Die Finanzkrise hat eine Vielzahl von Erkenntnissen beschert. Eine davon ist die besondere Bedeutung von Stresstests für funktionierende Finanzmärkte. Zurzeit werden deshalb in vielen Ländern die Anforderungen an Stresstests überarbeitet.

Stresstests sind Sensitivitäts- und Szenarioanalysen, anhand derer bewertet wird, ob ein Institut bei Eintritt bestimmter negativer Entwicklungen (zum Beispiel Zinsanstieg, Rückgang des Bruttoinlandsprodukts) dennoch in der Lage ist, die aufsichtsrechtlichen Eigenkapital- und Liquiditätsvorschriften zu erfüllen. Diese sollen somit als eine Art Frühwarnsystem dazu beitragen, Ereignisse wie die Finanzmarktkrise zu verhindern oder zumindest abzumildern.

Anpassung der Parameter

Die Krise hat deutlich gemacht, dass vor der Krise weder die vergangenheitsorientierten Methoden noch die gewählten Parameter für Stresstests die Faktoren erfasst haben, die zu ihrem Entstehen geführt haben. Eine Lehre aus der Krise ist daher, dass Banken und Aufseher die Parameter ihrer Stresstests verfeinern und gegebenenfalls flexibel anpassen können müssen. Darüber hinaus wurden die erzielten Stresstestergebnisse nur unzureichend im Risikomanagement und dem Steuerungs- und Entscheidungsprozess des Senior Managements berücksichtigt.

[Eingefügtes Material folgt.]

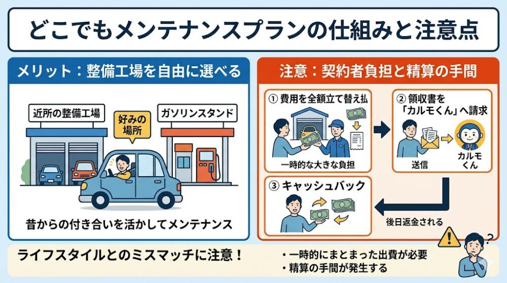 しかし最大の注意点は、メンテナンスを受けた際、契約者が一時的にその費用を全額立て替え払いし、後日領収書などを送ってカルモくんに請求(キャッシュバック)してもらわなければならないという点です。
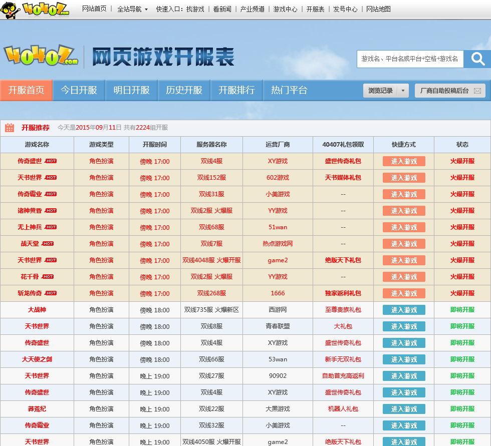 40407网页游戏开服表按照开服时间整理归纳当前各种热门网页游戏的开服信息,同时包含了各个网页游戏平台的开服信息,方便玩家选择查看。

Ferner wurden meist nur einzelne Risikokategorien isoliert voneinander betrachtet. Eine risikoartenübergreifende Betrachtung auf Gesamtbank- und Gruppenebene sowie die Beachtung von Wechselwirkungen wurden häufig nicht vorgenommen.1)

Bei der Durchführung von Stresstests sind üblicherweise drei Ebenen zu unterscheiden. Zunächst sind die Institute selbst dazu verpflichtet, regelmäßig Stresstests durchzuführen. Diese müssen dabei bestimmte Vorgaben erfüllen.2) Ferner führen auch die Aufsichtsbehörden turnusmäßig oder anlassbedingt Stresstests in Bezug auf einzelne Institute oder Institutsgruppen durch. Schließlich führt die Aufsicht auch Stresstests durch, die den gesamten Finanzsektor erfassen, um dessen Stabilität sicherstellen zu können.

Im Zuge der Krise wurde den Stresstests wieder höhere Bedeutung zugemessen. Dies galt insbesondere für Stresstests als Informationsmedium der Aufsicht über die Lage von einzelnen Instituten und dem Finanzsektor als solchem. Viel beachtet wurde in diesem Zusammenhang die im April 2009 in den USA von der Bankenaufsicht durchgeführten Stresstests. Dort hatten die 19 größten Institute einen Stresstest nach den Vorgaben der Zentralbank Federal Reserve vorzunehmen. Die Ergebnisse wurden dabei institutsspezifisch für die beteiligten Institute veröffentlicht. Zugrunde gelegt wurden zwei Szenarien. Ein milderes Basisszenario (Baseline Scenario), welches die erwarteten Auswirkungen der Krise beinhaltete und ein weiteres, etwas verschärftes Szenario (More Adverse Scenario).

Erkenntnisse über die Stabilität des Finanzsektors

Das Baseline und das More Adverse Scenario sahen unter anderem für 2009 ein schrumpfendes Bruttoinlandsprodukt um 2,0 Prozent beziehungsweise 3,3 Prozent, eine Arbeitslosenquote von 8,4 Prozent beziehungsweise 8,9 Prozent sowie einen Verfall der Immobilienpreise um 14 Prozent beziehungsweise 22 Prozent vor. Für 2010 wurde bereits mit einer Erholung dieser Werte gerechnet.3) Ziel war es, den Bedarf und die Höhe zusätzlicher Kapitalpuffer zu ermitteln und Erkenntnisse über die Stabilität des Finanzsektors zu erhalten. Ferner sollte mit der Veröffentlichung institutsspezifischer Ergebnisse das Vertrauen des Marktes wiedergewonnen werden.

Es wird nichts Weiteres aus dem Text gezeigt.